Только один циничный, туповатый, здоровенный Ефим Качин, успевший, по его словам, оттянуть небольшой срок за «хулиганку», не имеющий за душой ничего святого, шипел недовольно:
– Во, блин, развылся! – и, считаясь с волей большинства, выходил из палатки, ворча: – Цыплак! Слюни распустил. Казак сраный. К мамке на колени захотел. Здеся тебе не тама. Здеся тебе Афган, мать твою...

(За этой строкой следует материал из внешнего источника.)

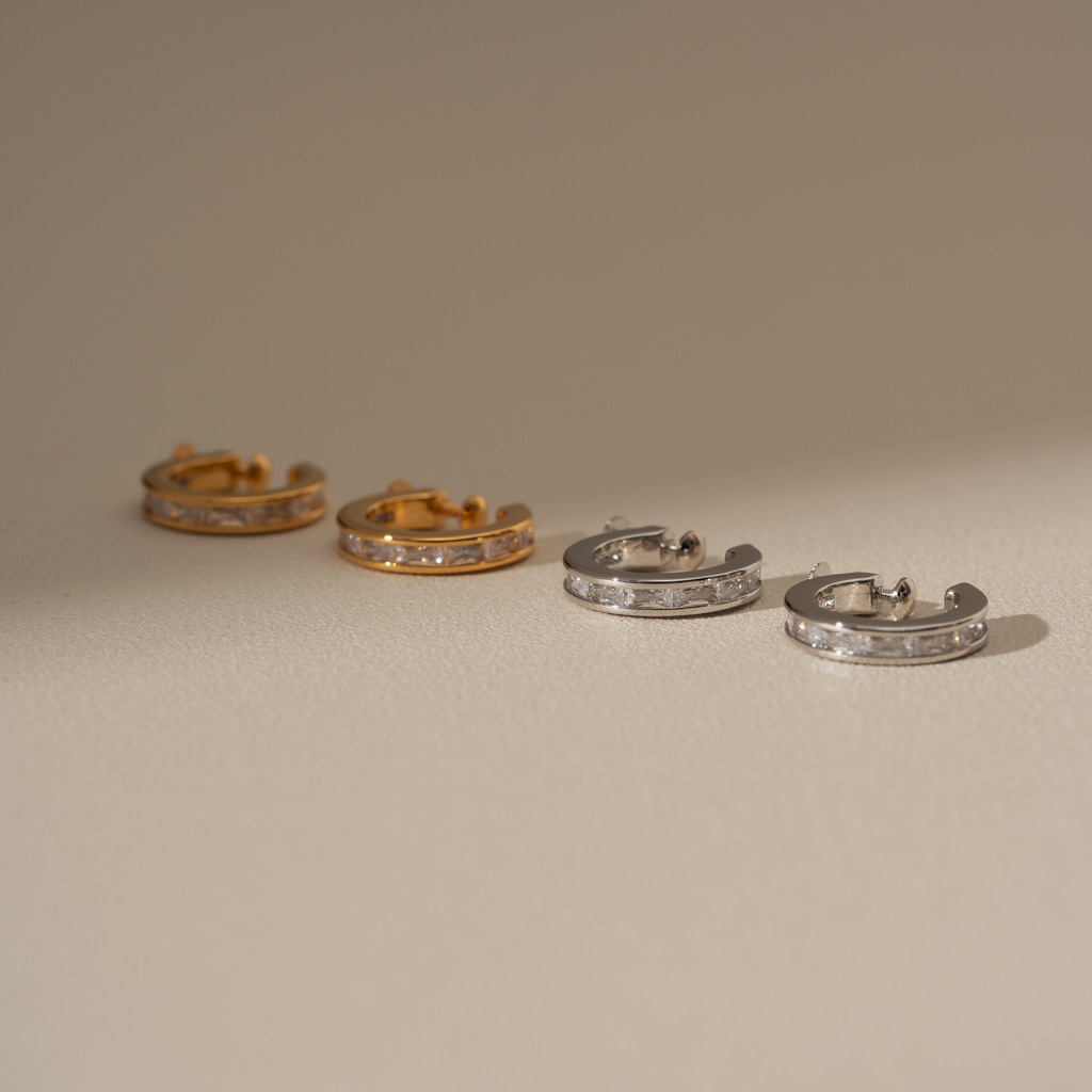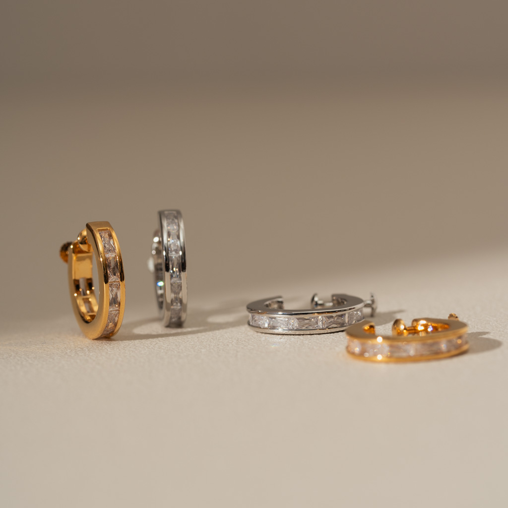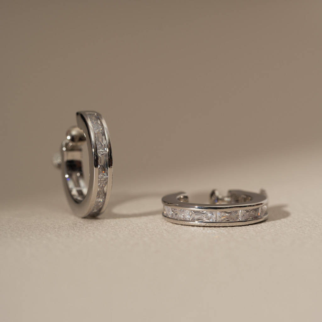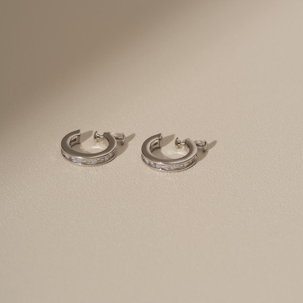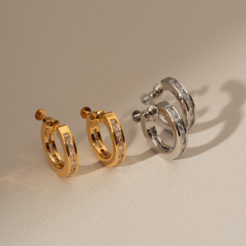 極簡鑲鑽環圈.一體成形螺旋耳夾 - 銀色/金色

Но когда Санька брал гитару, он был тут как тут. Гоготал и краснел широкой рожей от удовольствия, начинал кому-нибудь рассказывать о своих доармейских похождениях в Донецке, откуда был родом. Поэтому Санька, чувствуя тоску, перестал петь казачьи песни в палатке, а уходил к Юрке, братке, земеле ростовскому. Война быстро знакомит, а тут еще и дух землячества...
– Сань, спой еще, – просил Юрка. – Вот эту, знаешь?
– Не, у нас такую не поют.
Вот вернемся домой, сначала ко мне поедем. С родителями познакомлю, стол накроем, попоем, заодно и эту выучишь.
– А потом, через Дон, ко мне, – подхватил Санька. – У меня бати нет, только мамка. Но стол тоже накроем, песню споем, на конях поскачем. Эх... А дай-ка, братка, закурить, ох и заломило меня по дому!
Оба затягивались и мечтали:
– В Дону купнемся, а, Юрок, наперегонки, да?!
– Да...
Давно уже обменялись адресами и домой написали:
– Вот, братка у меня появился, приеду, познакомлю...
Ходили упорные слухи о готовящемся выводе войск из Афганистана, и «духи», почувствовав какую-то слабину в позиции советского правительства и поддержку мирового сообщества, стали более дерзкими, совершали глубокие рейды в расположения гарнизонов контингента, выживая, выбивая, вытесняя, вырезая шурави, гоня их со своей земли. Бей неверных!